The economic evidence decisively supports this collaborative approach. A 2023 study by Stanford economist Erik Brynjolfsson has shown why augmentation works: AI assistance delivered 14 percent productivity increases to customer service workers and 34 percent improvement for novice workers when used as a support tool rather than replacement technology.
Klarna CEO Sebastian Siemiatkowski learned this after receiving widespread attention for declaring “AI can already do all of the jobs that we, as humans, do” while replacing 700 customer service contractors with AI systems in February of last year. But soon after, he discovered that Klarna customers were being handed off in one-third of cases to human agents when the AI couldn’t resolve complex issues. Within months, Siemiatkowski acknowledged the AI resulted in “lower quality” customer experiences, prompting a switch to an augmented approach. The company has hired humans again and now uses AI to handle routine queries while the human agents tackle the most complex customer cases.
In May, Siemiatkowski said that cutting labor costs had “been a too predominant evaluation factor” because “what you end up having is lower quality.” He added that “investing in the quality of the human support is the way of the future for us.”
Daron Acemoglu, an MIT economist who won the Nobel Prize in 2024, has spent decades studying technology’s impact on workers and economic growth. He now warns that Silicon Valley has been following “the wrong direction for AI. We’re using it too much for automation and not enough for providing expertise and information to workers.”
Lesson 3: Pick Tasks AI Is Good At
Large language models can write poetry, summarize research papers and generate code with startling fluency. What took trillions of tokens, billions of parameters, petabytes of data and acres of GPU servers to discover was that the written word contains far more predictable patterns than anyone expected. “It’s astonishing how well that generates language,” admits Brooks. “I don’t think most people 10 years ago could have believed that would work so well.” The fundamental surprise: “What LLMs have shown us is we can emulate language with that thoughtless part.”

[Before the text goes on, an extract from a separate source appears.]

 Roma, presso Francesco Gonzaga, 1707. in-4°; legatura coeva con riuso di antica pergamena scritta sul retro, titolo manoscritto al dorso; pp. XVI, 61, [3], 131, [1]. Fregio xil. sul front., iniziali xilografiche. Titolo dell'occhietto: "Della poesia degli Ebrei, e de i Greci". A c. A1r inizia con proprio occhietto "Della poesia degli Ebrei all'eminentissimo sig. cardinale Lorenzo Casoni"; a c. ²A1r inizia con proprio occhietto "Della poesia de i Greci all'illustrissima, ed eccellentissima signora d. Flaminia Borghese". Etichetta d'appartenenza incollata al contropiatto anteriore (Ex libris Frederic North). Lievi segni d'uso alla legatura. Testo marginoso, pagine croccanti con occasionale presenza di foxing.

That’s a reference to Nobel Prize-winning psychologist Daniel Kahneman‘s Thinking, Fast and Slow, which divides cognition into automatic System 1 responses and effortful System 2 deliberation. LLMs function like System 1 processors, excelling at language tasks like writing, editing and translation—but are likely to fail at things that require System 2 deliberation, like abstract reasoning, creative problem-solving, and adapting to novel situations. The key question becomes: What types of problems can be solved with System 1-like processing alone?

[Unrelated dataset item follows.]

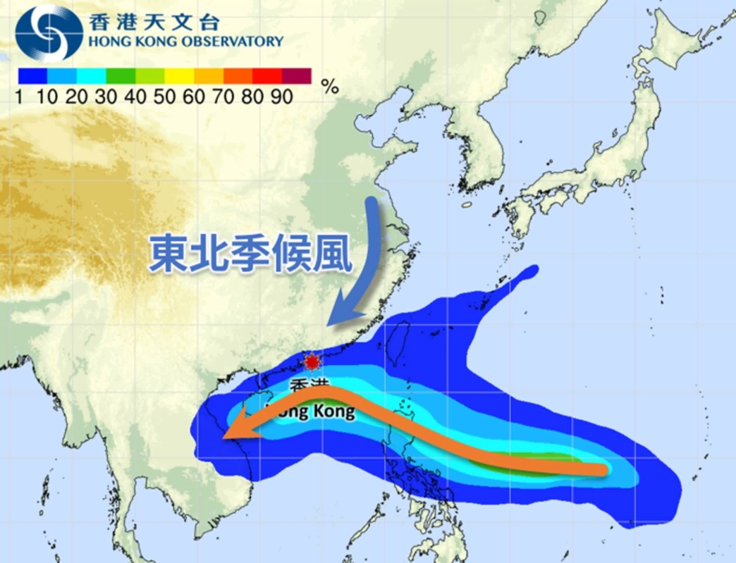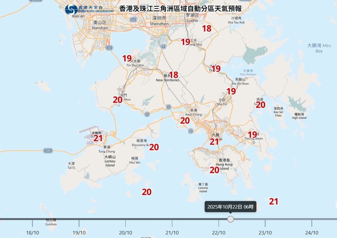 香港天文台預料下周三(22日)多區氣溫跌穿20℃,其中石崗及打鼓嶺更低見18℃。香港天文台網頁截圖 另外,香港天文台預測位於菲律賓以東海域之西北太平洋的對流雲團會在未來兩三日逐漸發展為熱帶氣旋,並在週末期間靠近呂宋一帶,隨後有較大機會進入南海東北部。此外,一股強烈東北季候風會在星期日(19日)抵達華南,在與潛在熱帶氣旋的共同影響下,本港下週初至中期風勢頗大,離岸及高地吹強風,氣溫顯著下降。

For decades, Kahneman and Gary Klein, a psychologist who researches naturalistic decision-making, had a running disagreement about whether human intuition could be trusted. Klein championed expert fast decision-makers like firefighters and nurses. Kahneman emphasized systematic biases making intuition unreliable. In 2009, their dispute produced surprising agreement in a joint paper they wrote, “Conditions for Intuitive Expertise.” Klein was partially vindicated: Practiced experts do develop reliable intuition skills, but only when two conditions are met: “an environment that is sufficiently regular as to be predictable” and “an opportunity to learn the regularities by prolonged practice and feedback.”

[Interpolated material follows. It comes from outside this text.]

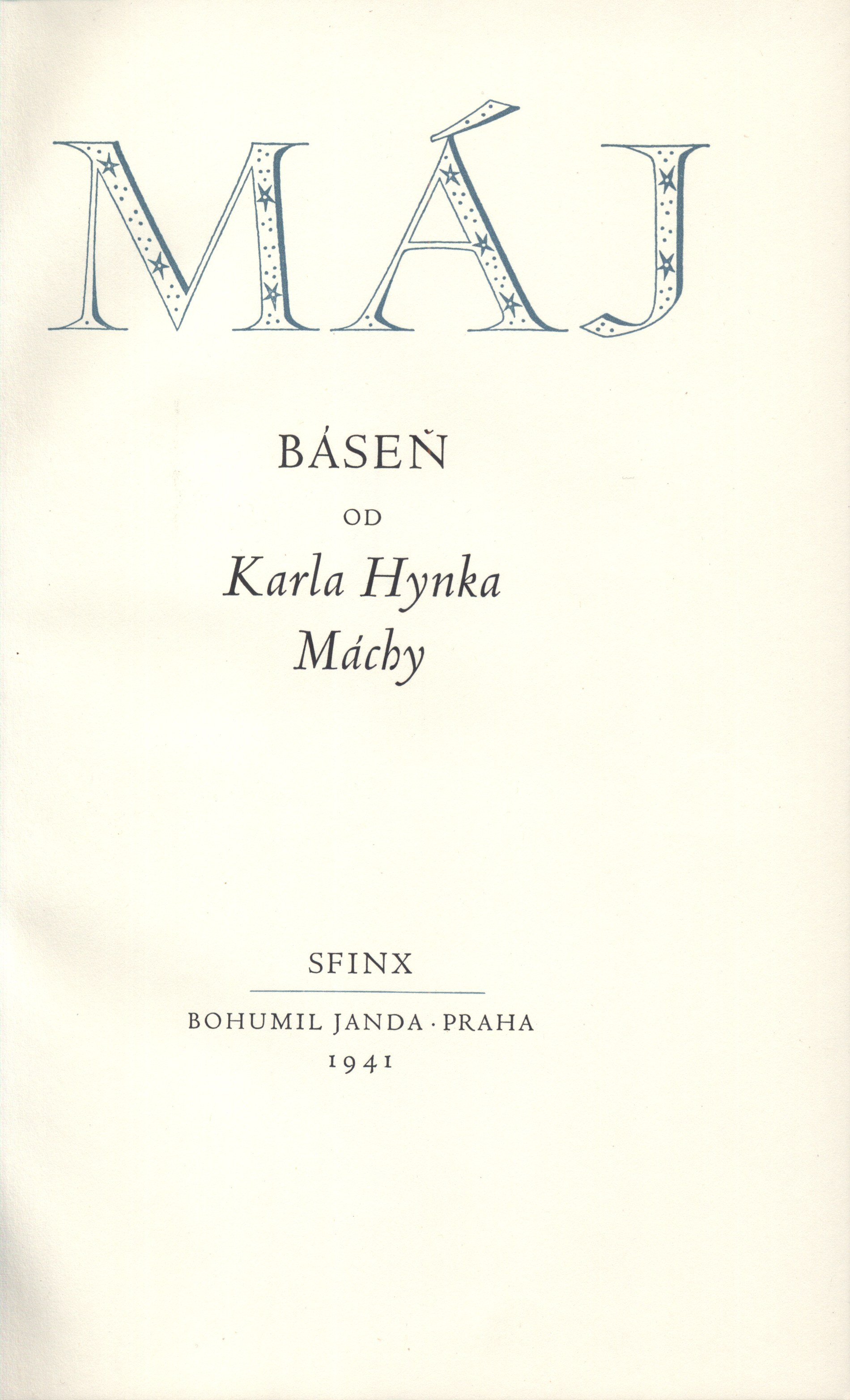 Title information Máj : báseň od Karla Hynka Máchy Personal name Mácha, Karel Hynek, 1810-1836 (Author) Další autoři Vyskočil, Albert, 1890-1966 (Redactor) (Author of afterword, colophon, etc.) (Dedicator) (Inscriber) Zrzavý, Jan, 1890-1977 (Illustrator) Menhart, Oldřich, 1897-1962 (Typographer) Vyskočilová, Emilie, 1888-1962 (Dedicatee) Corporation Nakladatelství B. Janda - Sfinx (Publisher) V. Neubert a synové (firma) (Printer of plates) Průmyslová tiskárna v Praze (Printer) Další var.názvy Máj : báseň Publication Praha : Sfinx, Bohumil Janda, 1941 Manufacture V Praze : Průmyslová tiskárna Scope 87 stran, 7 nečíslovaných listů obrazové přílohy : ilustrace ; 28 cm ISBN (Vázáno) Edition Knihovna Mistrů ; 5. svazek

It’s easy to extend these requirements to AI: regular patterns plus large datasets. For example, in January 2025, the Mayo Clinic reported that a model it had built to analyze pathology slides to diagnose cancer was not performing as well as human doctors. Despite 1.2 million tissue samples from 490,000 cases, the model did not have enough examples of each of the thousands of possible disorders that pathologists identify. For rare conditions, “you’ll find 20 samples over 10 years,” one of the researchers told MIT Technology Review—insufficient for pattern recognition.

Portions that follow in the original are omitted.